Internet of Things

Machine learning will bring out the best in IoT…

Recently, IoT Agenda shared three perspectives on how to navigate the challenges of IoT. I was honored to contribute my thoughts on managing massive amounts of IoT data. While my portion is reprinted below, be sure to check out the original column for additional perspectives from industry experts.

One of the critical challenges of IoT is avoiding death by data. IoT generates tremendous volume and velocity of information, easily swamping most homegrown data collection systems. Additionally, organizations find it difficult to sift through the data to find actionable insights in a way that is both scalable and forward-looking.

The first hurdle is surviving the onslaught of incoming data. In recent years, this barrier has been dramatically reduced thanks to advancements in streaming and storage from major cloud providers.

Once the mechanics of ingesting and storing are mastered, the real challenge begins: How do organizations breathe life into the data?

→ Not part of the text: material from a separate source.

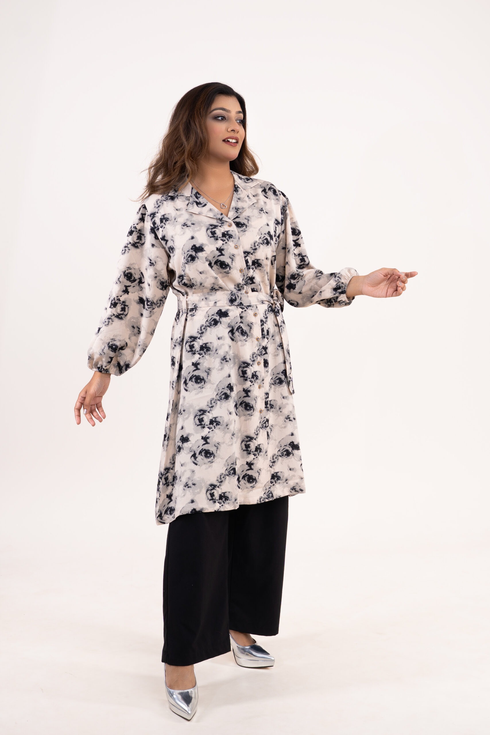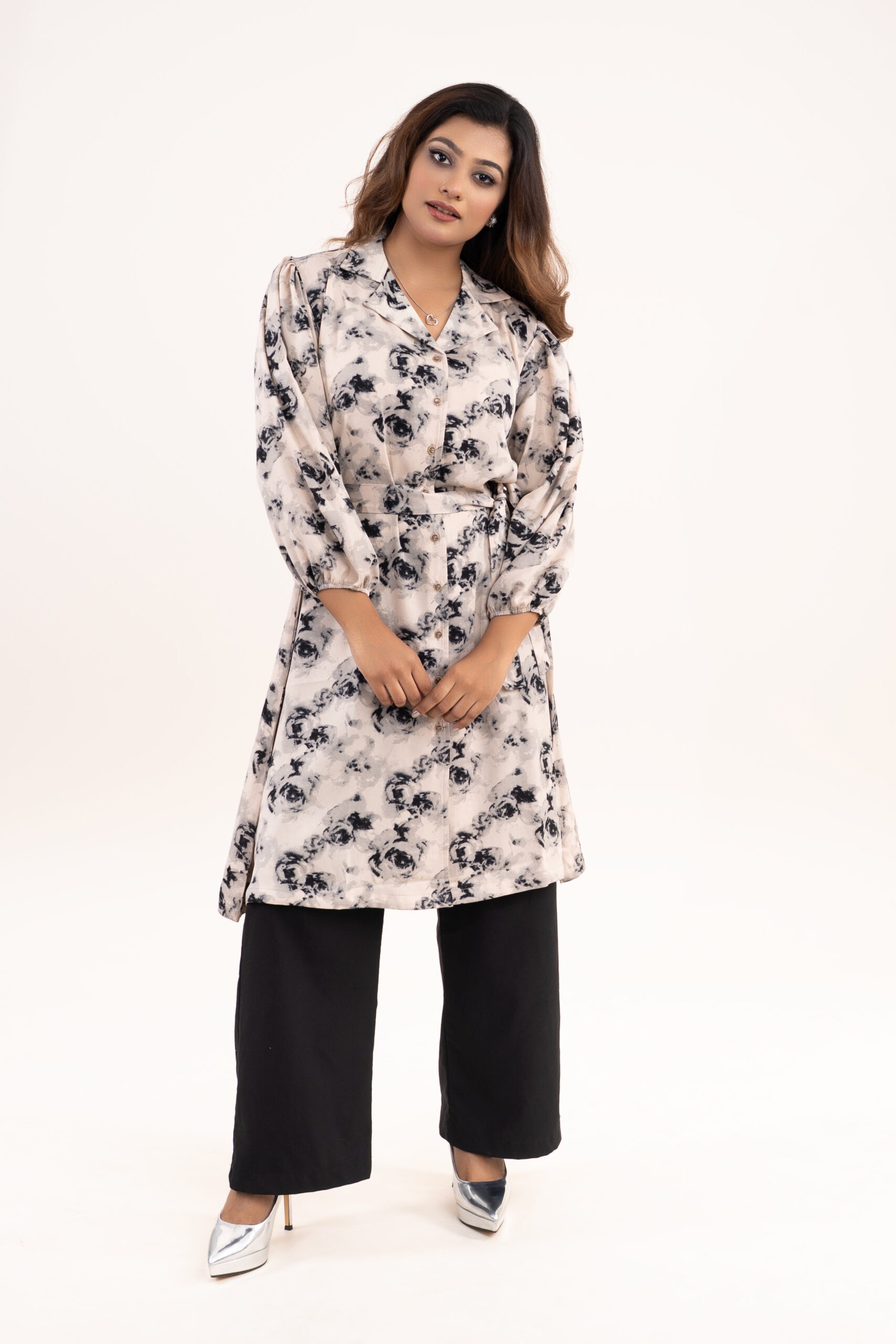 The kurti features a refined long silhouette that flatters all body types while providing effortless movement and ease. Its elegant printed design adds a sophisticated charm, allowing you to transition seamlessly from office hours to after-hours gatherings. The thoughtfully tailored fit strikes a perfect balance between structure and comfort, offering a polished look without feeling restrictive.

A common knee-jerk next step is to develop dashboards, dashboards and more dashboards. There is nothing wrong with building out a strong suite of analytics, but caution needs to be heeded. IT pros can use modern visualization tools to slice and dice data at ease. They also make it easy to get sucked into a vortex of pie charts and bar graphs that look pretty but provide only incremental knowledge. Just because IoT gives all of the data, does not mean IT pros need to use all the data. Be thoughtful: What is the heartbeat of what the IoT project is trying to accomplish?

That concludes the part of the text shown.